みずほの障害が続くと、メディアを中心に「この銀行のシステムはもう駄目だ、使えない。では、どうすればよいだろうか?」との疑問が必ず出てきます。筆者の答えは、(殆どブラックですが)「今更作り直す費用も時間もない。技術もない。人もいない。いい加減なベンダーならば、ウチに任せてくれれば、安く速く新システムを作れると言うでしょう。そんなベンダーは一切信用してはいけない。何も判っていないし、余りに無責任だ。実現可能性から言えば、三菱UFJか三井住友にフルアウトソーシングするしか方法がないでしょう。」質問者は笑って、以降この質問はしません。
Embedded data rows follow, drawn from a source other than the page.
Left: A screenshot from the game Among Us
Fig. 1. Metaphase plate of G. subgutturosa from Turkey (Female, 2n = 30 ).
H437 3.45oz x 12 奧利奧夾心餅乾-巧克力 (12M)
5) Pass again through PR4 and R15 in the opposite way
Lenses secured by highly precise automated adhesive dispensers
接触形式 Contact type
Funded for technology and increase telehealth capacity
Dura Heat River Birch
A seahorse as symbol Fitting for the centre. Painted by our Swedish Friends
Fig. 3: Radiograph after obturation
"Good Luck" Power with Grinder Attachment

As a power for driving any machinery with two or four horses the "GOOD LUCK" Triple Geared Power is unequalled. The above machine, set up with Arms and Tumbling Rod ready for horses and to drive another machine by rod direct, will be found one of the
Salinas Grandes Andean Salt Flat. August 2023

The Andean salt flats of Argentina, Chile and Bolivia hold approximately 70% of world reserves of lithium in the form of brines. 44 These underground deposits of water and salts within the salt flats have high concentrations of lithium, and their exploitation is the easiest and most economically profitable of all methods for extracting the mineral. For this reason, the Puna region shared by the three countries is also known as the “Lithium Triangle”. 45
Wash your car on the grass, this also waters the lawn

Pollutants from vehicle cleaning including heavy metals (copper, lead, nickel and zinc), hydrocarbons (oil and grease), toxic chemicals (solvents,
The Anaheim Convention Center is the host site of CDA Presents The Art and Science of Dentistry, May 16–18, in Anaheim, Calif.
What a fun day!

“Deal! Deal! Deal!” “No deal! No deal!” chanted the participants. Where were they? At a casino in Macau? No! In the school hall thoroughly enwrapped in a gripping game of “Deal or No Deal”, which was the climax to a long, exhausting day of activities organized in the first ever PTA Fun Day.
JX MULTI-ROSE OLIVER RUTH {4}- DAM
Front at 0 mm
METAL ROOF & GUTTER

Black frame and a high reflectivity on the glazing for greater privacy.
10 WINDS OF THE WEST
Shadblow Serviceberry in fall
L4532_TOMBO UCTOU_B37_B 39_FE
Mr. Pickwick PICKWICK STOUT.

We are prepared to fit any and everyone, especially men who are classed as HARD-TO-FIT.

銀行の中には、何年もオンラインの大規模障害を起こしてないところがあります。他人任せにせず、コア要員を内部に揃え、その人達はシステムは勿論、運用や事務規定まで熟知しています。その為に、統一された分業・専門家のチームを伝統的に実現しています。みずほにおいては、MINORIプロジェクトのスタートラインでOneみずほという謳い文句が曖昧なままだったので、多くの面で不統一・不整合を内在させてしまったのだろうと筆者は想像しています。同じような懸念を、多くのみずほシステム部門OBの方々が現役に伝えていたのですが。何故、それがプロジェクトに反映されなかったのか?(現役銀行員はOBの話を聞いても採用することは滅多にない。人事に影響力を残すOBの話は別ですが)

今現在、規模はMINORIとは比較にならないほど小さいですが、似たようなごちゃ混ぜシステムを開発中の銀行がいくつかあります。秘密主義の銀行界では、多くの場合、失敗事例も成功事例も共有されません。欧米ではIT技術者の労働移動性が高いので、経験の共有が図り易い。ソフトパッケージをやたらカストマイズしたがる風土と合わせて、わが国金融ITの弱点と言えるでしょう。